(Data extracted from a collection)
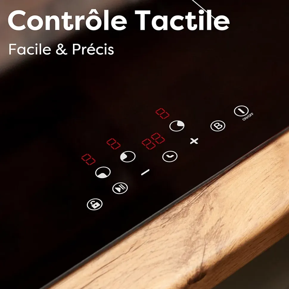 - Commande tactile : Un interrupteur tactile sensible offrant un contrôle précis et facile de la puissance de cuisson.
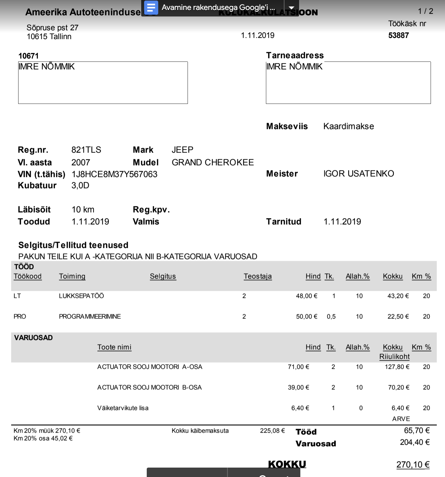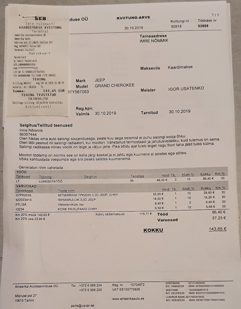 Eelmine kolmapäev 31.10.2019 oli mu auto Ameerika autos inspekteerimisel, ja palusin veepumba ja rihma vahetada. Rihm ja rullik vahetati kuid veepumpa mitte, väideti et sooja mitte andmise põhjus ei ole veepumbas vaid soojenduse aktuaatori mootorites või siis umbes salongi radiaator.
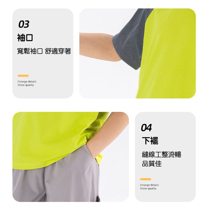 原紗防曬吸濕快乾短袖上衣-拼袖-黃色
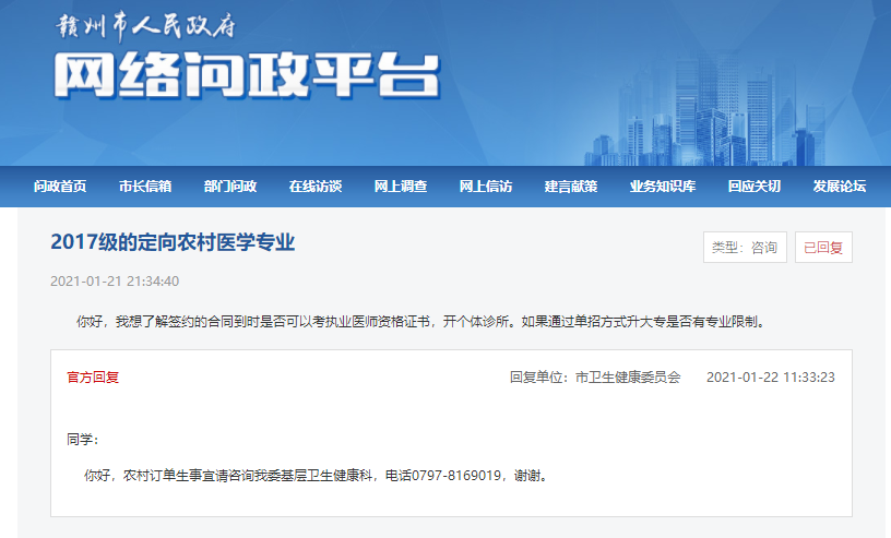 提問:2017級(jí)的定向農(nóng)村醫(yī)學(xué)專業(yè)-我想了解簽約的合同到時(shí)是否可以考執(zhí)業(yè)醫(yī)師資格證書,開個(gè)體診所。如果通過單招方式升大專是否有專業(yè)限制。
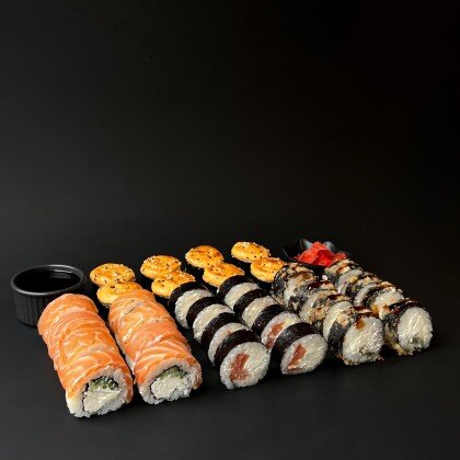 Филадельфия с креветкой, сырная креветка, запеченный креветка тамаго, темпура снежный краб
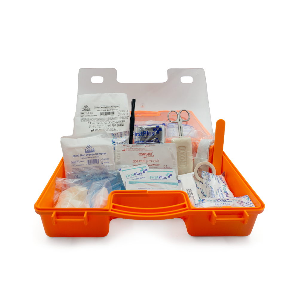 Türkiye’de güncel bir iş yeri ilk yardım seti yönetmeliği olmadığı için, Alman DIN standardı dikkate alınarak hazırlanmıştır.
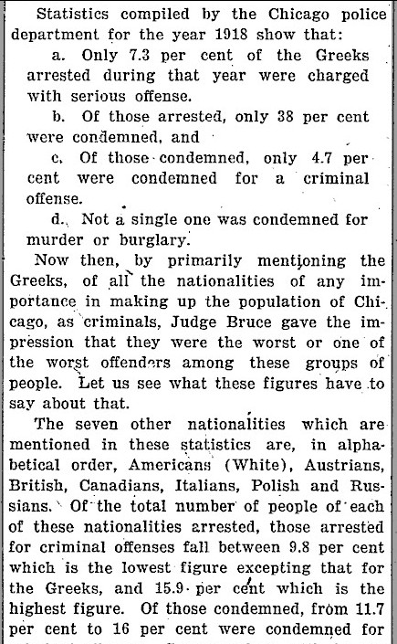 Dr. Alexopoulos was a regular Daily Illini reader and he wrote at least two editorials in defense of both the Greek nation and the Greek immigrant population of Illinois. In 1924 he wrote a response criticizing a disparaging comment on the current state of the Greek economy. Again in 1927, after a guest lecturer on campus (a judge) accused immigrant Greeks as causing recent increased crime in Chicago, Dr. Alexopoulos again wrote a detailed editorial with citations too.
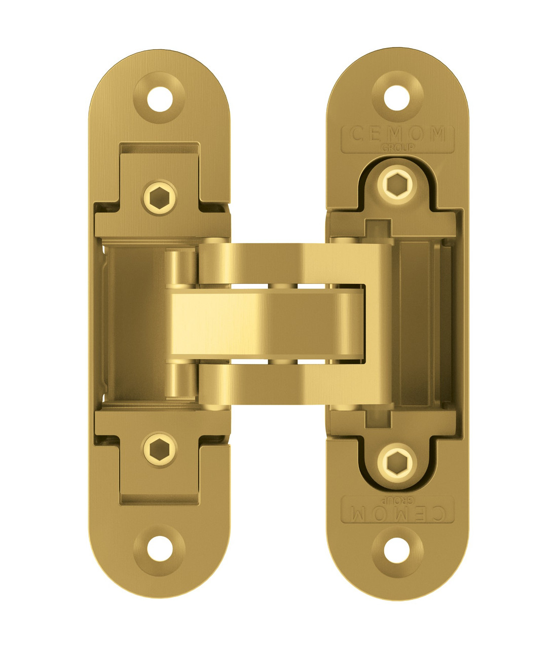 Універсальна прихована дверна петля Cemom Estetic-80A латунь CEMOM ESTETIC 80/A – це універсальна прихована петля для дверей, що забезпечує високу надійність і естетичний вигляд. Вона підходить для ліво- та правосторонніх дверей, а також підтримує тривимірне регулювання (по вертикалі, горизонталі та глибині), що дозволяє легко коригувати положення дверного полотна після встановлення. Ця модель підходить для дверей різної конструкції й може використовуватися як у житлових, так і в комерційних приміщеннях. ТЕХНІЧНІ ХАРАКТЕРИСТИКИ: Тип: прихована універсальна петля Матеріал: Zamak Максимальне навантаження – 80 кг (на 2 петлі) при ширині полотна до 900 мм і висоті щонайменше 2000 мм. Тривимірне регулювання: Вертикальне – ±2 мм. Горизонтальне – ±2 мм. Глибинне – ±1 мм. Відстань між рамною та стулковою частинами – 19 мм. Сертифікована на 200 000 циклів відкривання-зачинення (EN1935-374 010 011), а заводські тести показали до 400 000 циклів. Для дверей завтовшки від 40 до 60 мм. Кількість петель залежно від ваги дверей: 2 петлі – до 80 кг 3 петлі – до 100 кг 4 петлі – до 110 кг CEMOM MOATTI – європейський бренд преміальної дверної фурнітури, що спеціалізується на інноваційних рішеннях прихованого монтажу. Продукція поєднує надійність, довговічність і передові технології, забезпечуючи ідеальну функціональність та естетику. Усі вироби проходять суворі випробування на зносостійкість, витримуючи сотні тисяч циклів відкривання, і сертифіковані за європейськими стандартами (EN1935 та ін.), що гарантує їхню безпечність і якість.
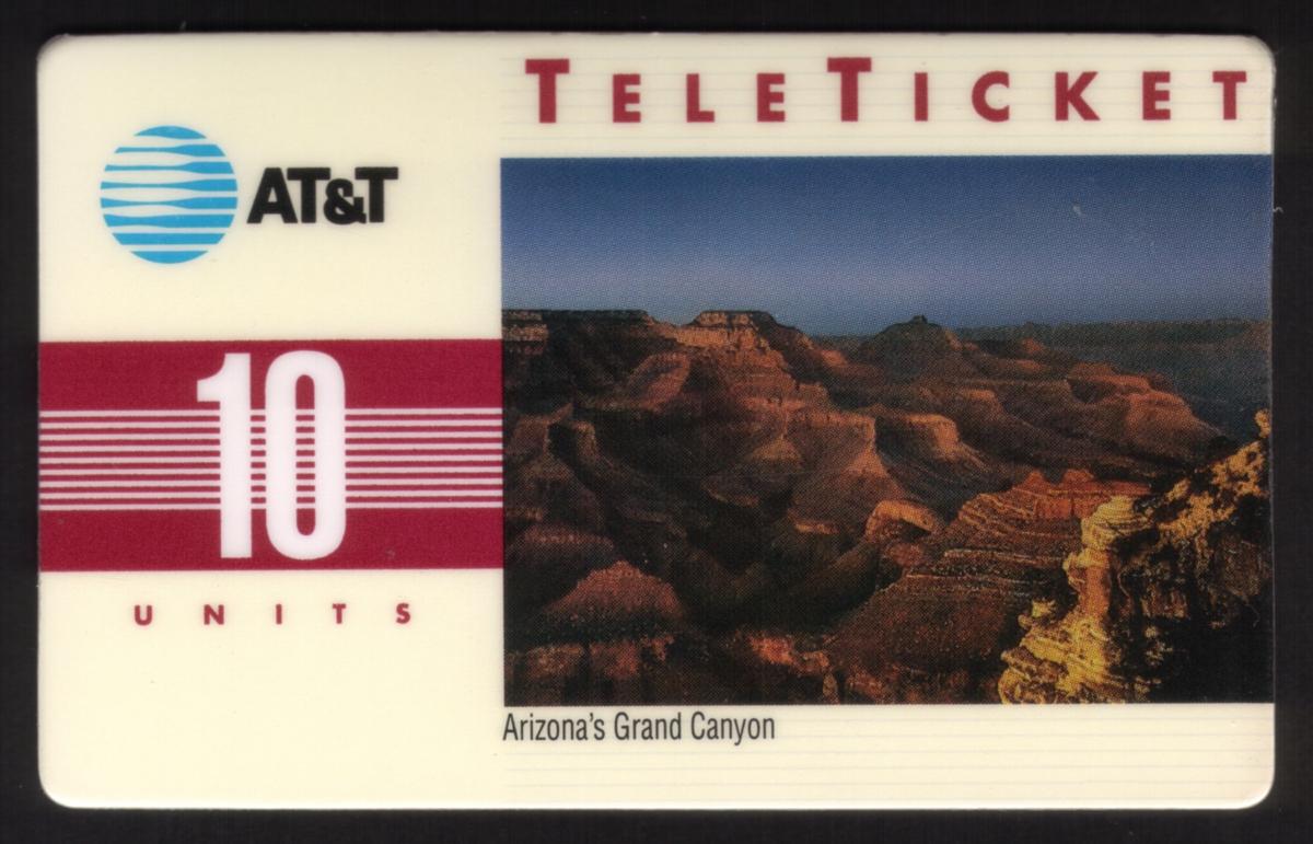 The card is an AT&T Teleticket with a value of 10 units, indicated on the left side beneath the AT&T logo. The word "TELETICKET" is printed across the top right above the photograph. Below the image, there is text that reads "Arizona's Grand Canyon," identifying the location captured in the photo.
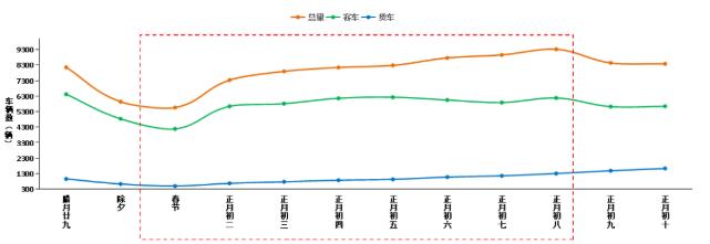 預(yù)計春節(jié)期間全國高速公路客車日均流量約4890萬輛,小客車占客車比例預(yù)計達99%以上。貨車流量在春節(jié)節(jié)前逐日下降,在正月初一達到最低值,春節(jié)假期之后逐漸恢復到日常水平,但貨車流量同比去年預(yù)計有所增長。
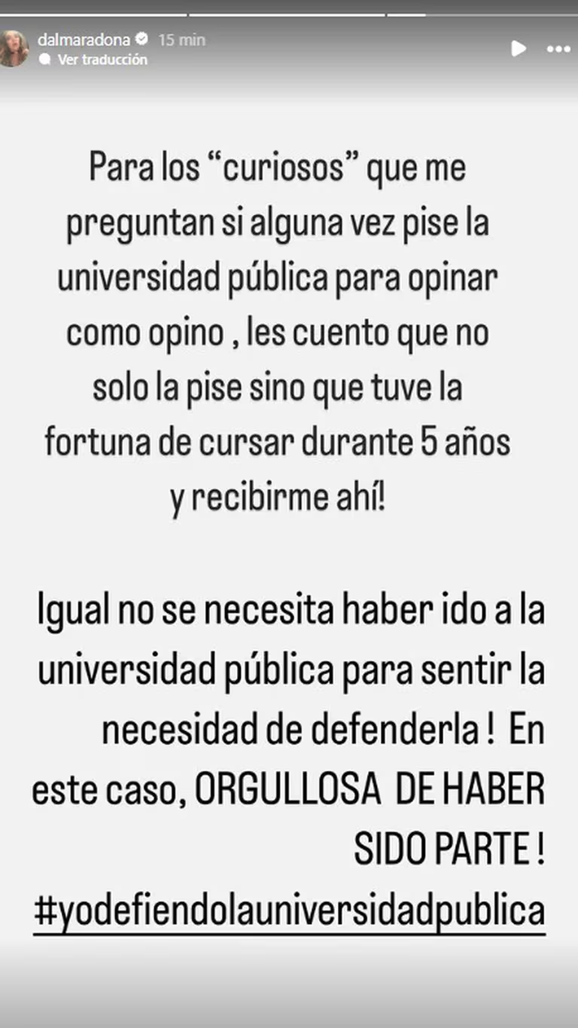 “Para los ‘curiosos’ que me preguntan si alguna vez pisé la universidad pública para opinar como opino, les cuento que no solo la pisé, sino que tuve la fortuna de curar durante 5 años y de recibirme ahí. Igual no se necesita haber ido a la universidad pública para sentir la necesidad de defenderla. En este caso, orgullosa de haber sido parte”, sostuvo.
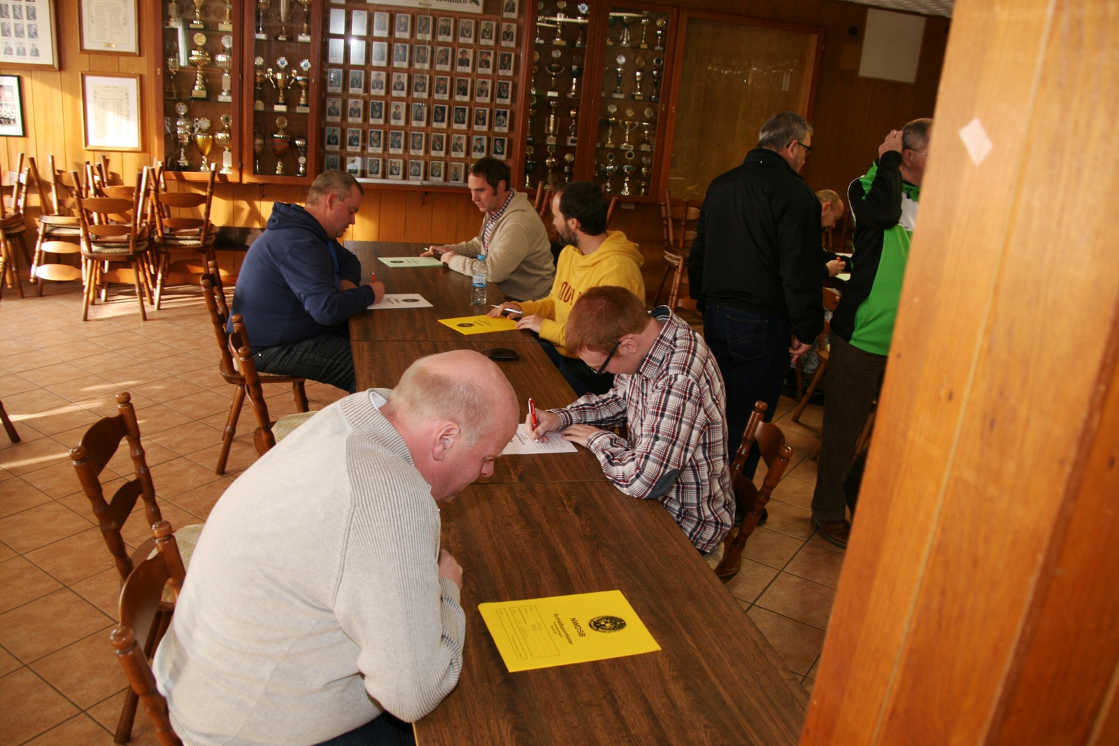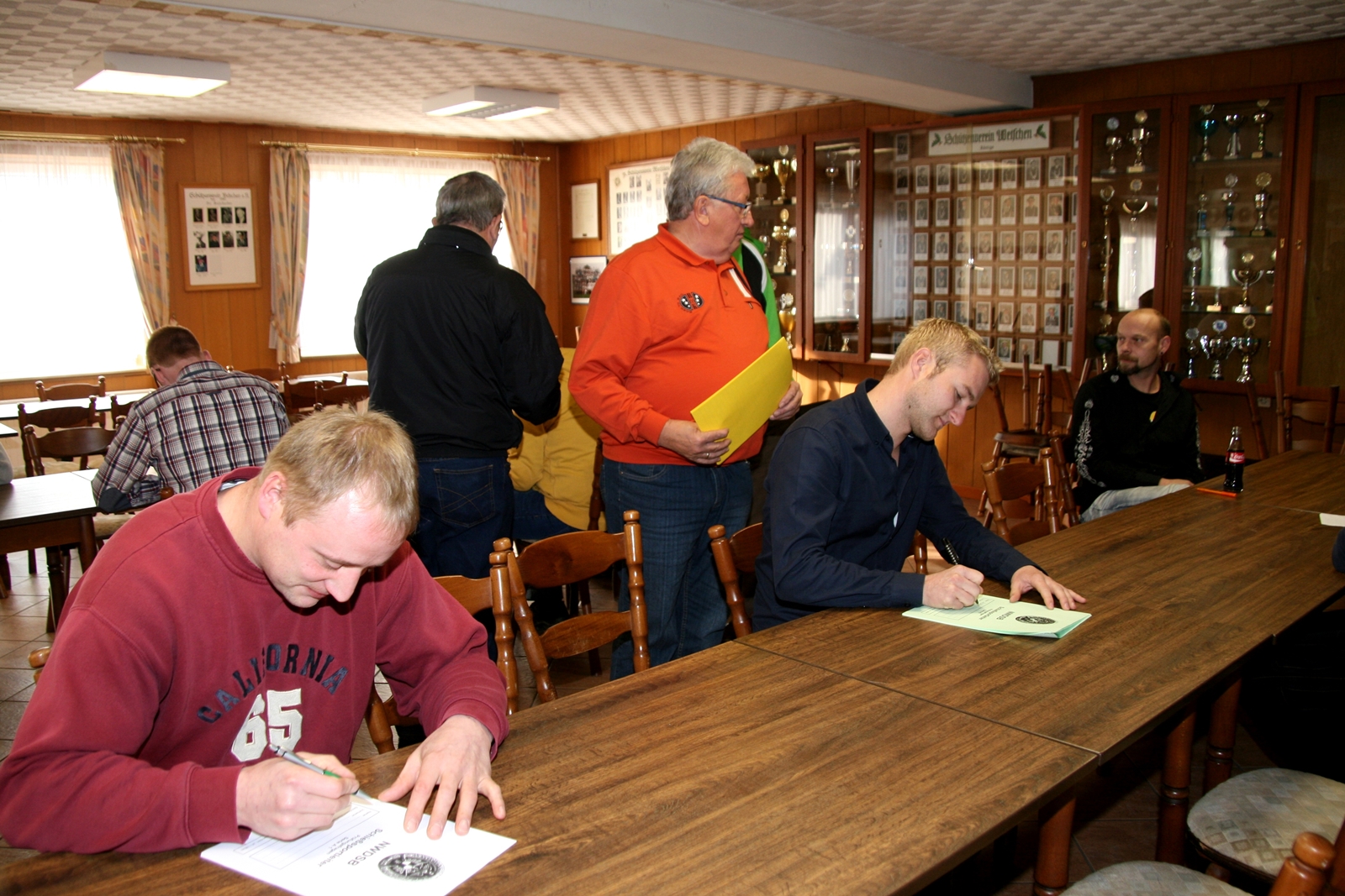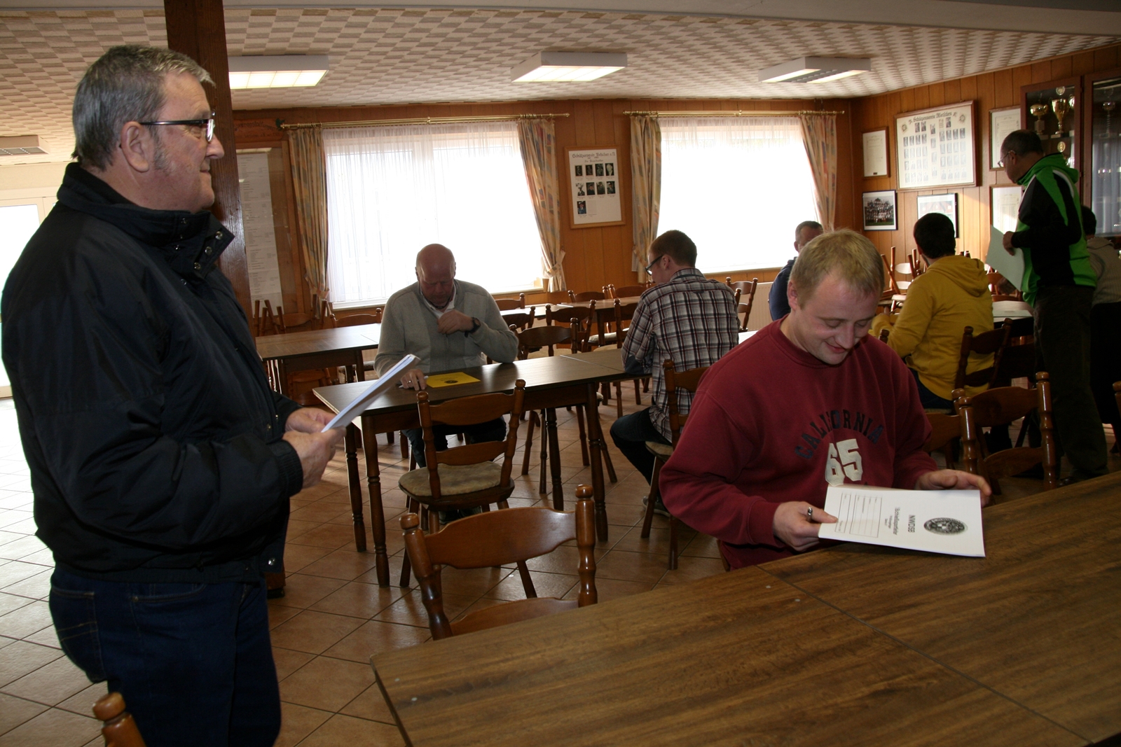 Horst Brinkmann, Friedel Kelkenberg und Siegfried Kemmsis verteilten anschließend die verschiedenfarbigen Fragebögen (grün, gelb u. weiß) für die schriftliche Prüfung. Dann wurde es „ernst“, nun mussten die Kreuzchen an der richtigen Stelle gemacht werden. 90 Fragen wurden auf diese Weise beantwortet.

- Task prompt -
Using the entries above, reproduce word for word only the lines from the one that contains "Eelmine kolmapäev 31.10.2019" to the one that contains "Türkiye’de güncel bir", both ends included, and drop every picture.

- Answer for the task -
 Eelmine kolmapäev 31.10.2019 oli mu auto Ameerika autos inspekteerimisel, ja palusin veepumba ja rihma vahetada. Rihm ja rullik vahetati kuid veepumpa mitte, väideti et sooja mitte andmise põhjus ei ole veepumbas vaid soojenduse aktuaatori mootorites või siis umbes salongi radiaator.
 原紗防曬吸濕快乾短袖上衣-拼袖-黃色
 提問:2017級(jí)的定向農(nóng)村醫(yī)學(xué)專業(yè)-我想了解簽約的合同到時(shí)是否可以考執(zhí)業(yè)醫(yī)師資格證書,開個(gè)體診所。如果通過單招方式升大專是否有專業(yè)限制。
 Филадельфия с креветкой, сырная креветка, запеченный креветка тамаго, темпура снежный краб
 Türkiye’de güncel bir iş yeri ilk yardım seti yönetmeliği olmadığı için, Alman DIN standardı dikkate alınarak hazırlanmıştır.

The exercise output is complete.